[Records excerpted from a collection]
Content starts
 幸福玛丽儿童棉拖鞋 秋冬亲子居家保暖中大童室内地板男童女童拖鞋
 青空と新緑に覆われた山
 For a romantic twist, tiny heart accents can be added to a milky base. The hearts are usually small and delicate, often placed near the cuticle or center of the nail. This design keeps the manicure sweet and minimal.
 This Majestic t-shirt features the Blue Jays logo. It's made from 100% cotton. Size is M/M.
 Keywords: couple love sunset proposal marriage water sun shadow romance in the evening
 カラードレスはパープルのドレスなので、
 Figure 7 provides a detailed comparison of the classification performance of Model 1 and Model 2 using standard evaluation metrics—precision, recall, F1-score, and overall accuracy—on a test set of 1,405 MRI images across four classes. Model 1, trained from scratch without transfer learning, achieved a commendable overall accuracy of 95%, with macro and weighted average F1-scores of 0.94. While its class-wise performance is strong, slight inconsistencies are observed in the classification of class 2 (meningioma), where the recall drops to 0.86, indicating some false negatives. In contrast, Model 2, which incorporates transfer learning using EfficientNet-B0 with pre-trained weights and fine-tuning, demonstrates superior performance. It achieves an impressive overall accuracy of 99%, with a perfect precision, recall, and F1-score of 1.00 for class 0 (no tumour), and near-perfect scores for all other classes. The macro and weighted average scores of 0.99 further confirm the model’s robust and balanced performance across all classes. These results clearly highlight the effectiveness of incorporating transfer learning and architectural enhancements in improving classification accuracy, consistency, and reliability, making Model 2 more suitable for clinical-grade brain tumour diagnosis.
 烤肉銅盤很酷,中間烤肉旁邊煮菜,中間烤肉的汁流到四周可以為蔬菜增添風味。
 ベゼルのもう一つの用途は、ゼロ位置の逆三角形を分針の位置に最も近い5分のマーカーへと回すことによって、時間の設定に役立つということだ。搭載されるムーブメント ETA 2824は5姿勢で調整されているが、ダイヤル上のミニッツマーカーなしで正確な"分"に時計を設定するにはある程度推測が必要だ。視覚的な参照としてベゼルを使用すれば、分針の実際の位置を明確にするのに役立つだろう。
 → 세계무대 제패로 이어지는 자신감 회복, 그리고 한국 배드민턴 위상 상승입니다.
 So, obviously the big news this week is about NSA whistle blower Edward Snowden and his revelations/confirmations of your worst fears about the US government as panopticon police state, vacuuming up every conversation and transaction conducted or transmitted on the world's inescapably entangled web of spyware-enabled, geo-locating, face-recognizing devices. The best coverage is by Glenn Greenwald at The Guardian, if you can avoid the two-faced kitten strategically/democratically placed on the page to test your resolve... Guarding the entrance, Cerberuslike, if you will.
Content ends
ABOUT THIS TASK: Among the records above, repeat exactly the line with "青空と新緑に覆われた山", the line with "For a romantic", and every line in between, and only those.

SOLUTION TO THE EXERCISE:
 青空と新緑に覆われた山
 For a romantic twist, tiny heart accents can be added to a milky base. The hearts are usually small and delicate, often placed near the cuticle or center of the nail. This design keeps the manicure sweet and minimal.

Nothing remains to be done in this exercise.